Low oil prices can translate into savings at the gas pump for goods transportation, driving down total landed costs. But when it comes shipping goods by transport truck, low oil prices are a double-edged sword.
There are multiple factors to consider in calculating shipping costs and how they impact total landed cost.
Low oil means cost-savings for shippers
While low oil can lead to lower fuel costs, which means savings for shippers, the other side of the coin means diminished buying power for those impacted by economic-related industry cutbacks.
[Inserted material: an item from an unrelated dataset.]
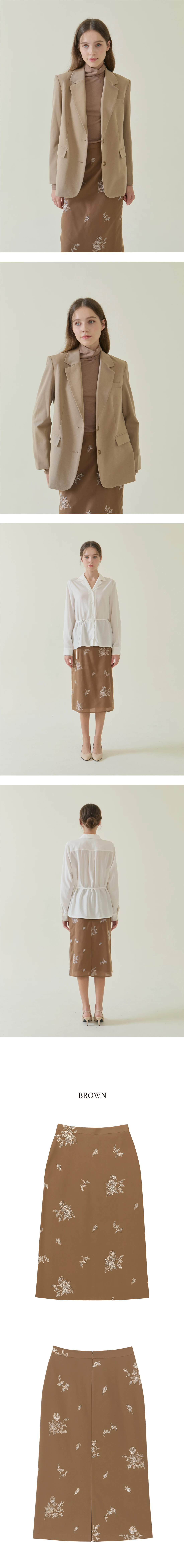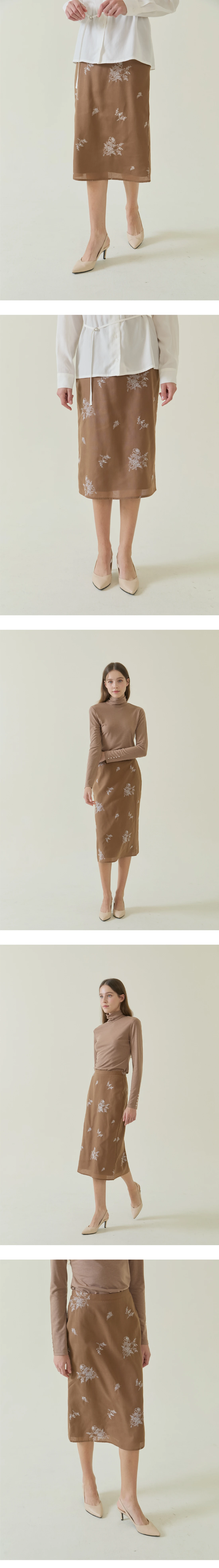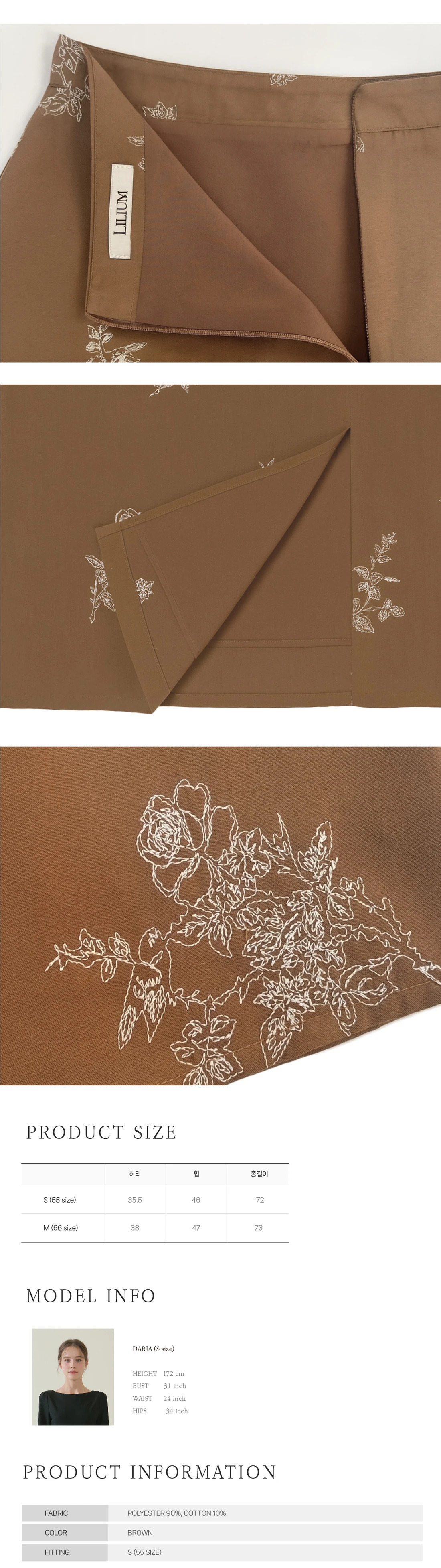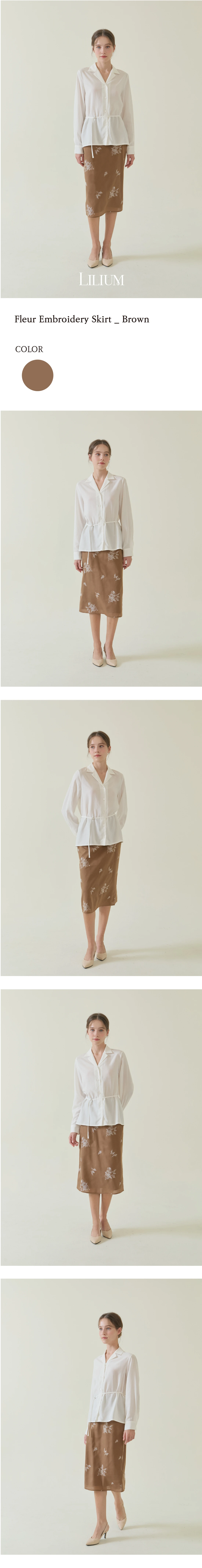 さりげない光沢のある生地に、ホワイトフラワーの刺繍が繊細に施された Lilium Fleur Embroidery Skirtです。 すっきりとしたHラインシルエットにバックベントを加え、動きやすさを確保。上品な刺繍の質感と柔らかな生地感が自然な女性らしさを演出します。 総裏地付きで透け感を気にせず安心して着用でき、秋の光を帯びたようなブラウンカラーが温かみと上品さを添えます。

“There’s some customer savings with a lower price of fuel; however, the cost of diesel fuel has not seen the same reduction in price at the pump,” explains Lorraine Card, executive director of the Alberta Motor Transport Association (AMATA).
Aside from fluctuating fuel costs, a more significant factor that influences total landed cost as it relates to transport is labour. And one of the biggest issues facing the industry at this moment is a shortage of truck divers.
Economic cutbacks could aid efforts to recruit truck drivers
Photo credit: Cliff Cooper Creative Commons
The business impacts of low oil prices may yield some positives for the trucking industry.
The AMTA is working to lure people into the industry and lobbying for minimum mandatory training for drivers. It’s expected those efforts will be boosted the slowdown in the oil sector as drivers return to the transportation sector in search of employment.
That, notes Card and Bell, will be a boon to business as it facilitates the supply chain goods flow. Bell says Calgary’s evolution as an inland port, as well Edmonton, will assist in further fuelling the transportation sector.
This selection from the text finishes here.